- EXERCISE REQUIREMENTS: Set down a true copy of the data, with all pictures left out.

- DATASET EXTRACT:
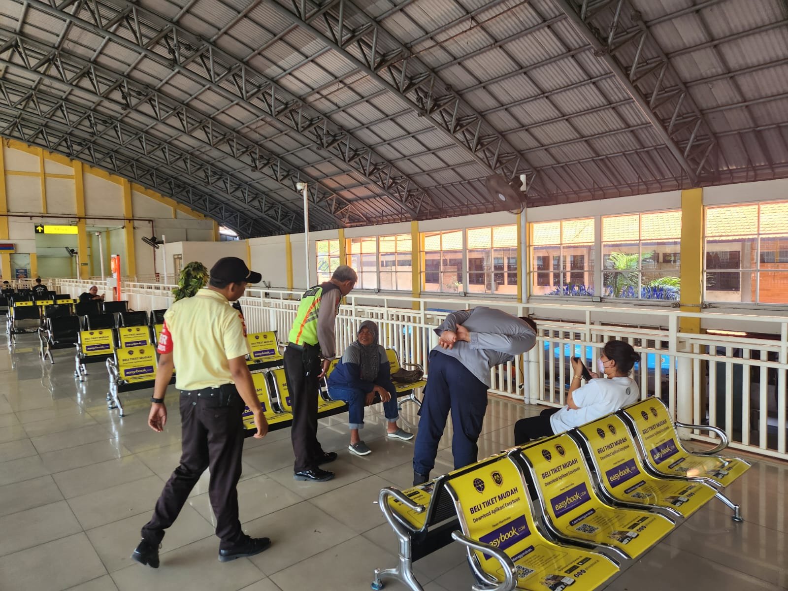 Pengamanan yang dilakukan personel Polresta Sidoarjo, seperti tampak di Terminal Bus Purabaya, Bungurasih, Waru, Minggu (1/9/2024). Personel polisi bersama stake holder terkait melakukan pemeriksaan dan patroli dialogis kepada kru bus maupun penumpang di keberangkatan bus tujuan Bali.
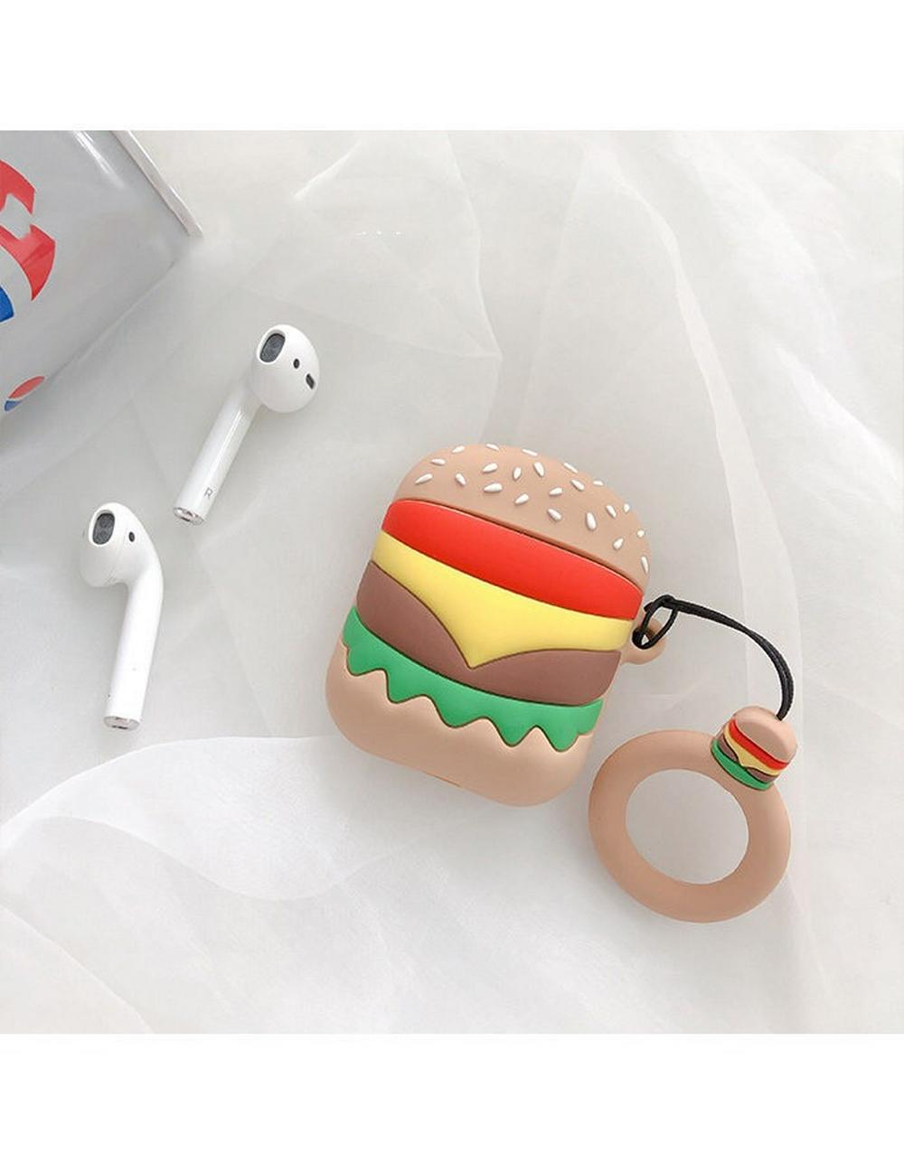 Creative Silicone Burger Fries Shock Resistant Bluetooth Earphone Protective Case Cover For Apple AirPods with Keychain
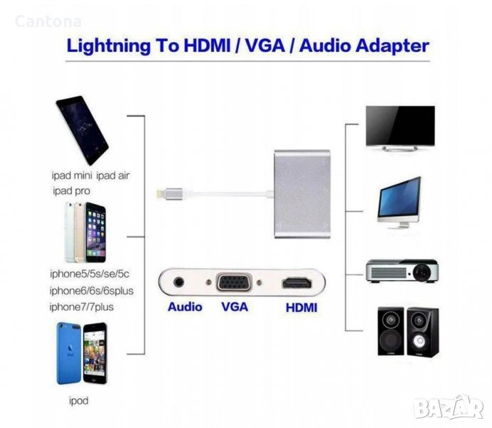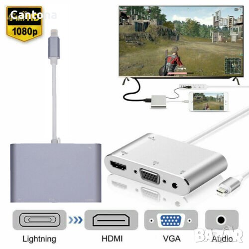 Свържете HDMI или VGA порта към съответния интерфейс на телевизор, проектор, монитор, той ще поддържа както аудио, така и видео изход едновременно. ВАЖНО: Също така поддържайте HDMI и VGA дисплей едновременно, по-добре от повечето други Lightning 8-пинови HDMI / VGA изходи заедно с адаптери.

- COMPLETED EXERCISE:
 Pengamanan yang dilakukan personel Polresta Sidoarjo, seperti tampak di Terminal Bus Purabaya, Bungurasih, Waru, Minggu (1/9/2024). Personel polisi bersama stake holder terkait melakukan pemeriksaan dan patroli dialogis kepada kru bus maupun penumpang di keberangkatan bus tujuan Bali.
 Creative Silicone Burger Fries Shock Resistant Bluetooth Earphone Protective Case Cover For Apple AirPods with Keychain
 Свържете HDMI или VGA порта към съответния интерфейс на телевизор, проектор, монитор, той ще поддържа както аудио, така и видео изход едновременно. ВАЖНО: Също така поддържайте HDMI и VGA дисплей едновременно, по-добре от повечето други Lightning 8-пинови HDMI / VGA изходи заедно с адаптери.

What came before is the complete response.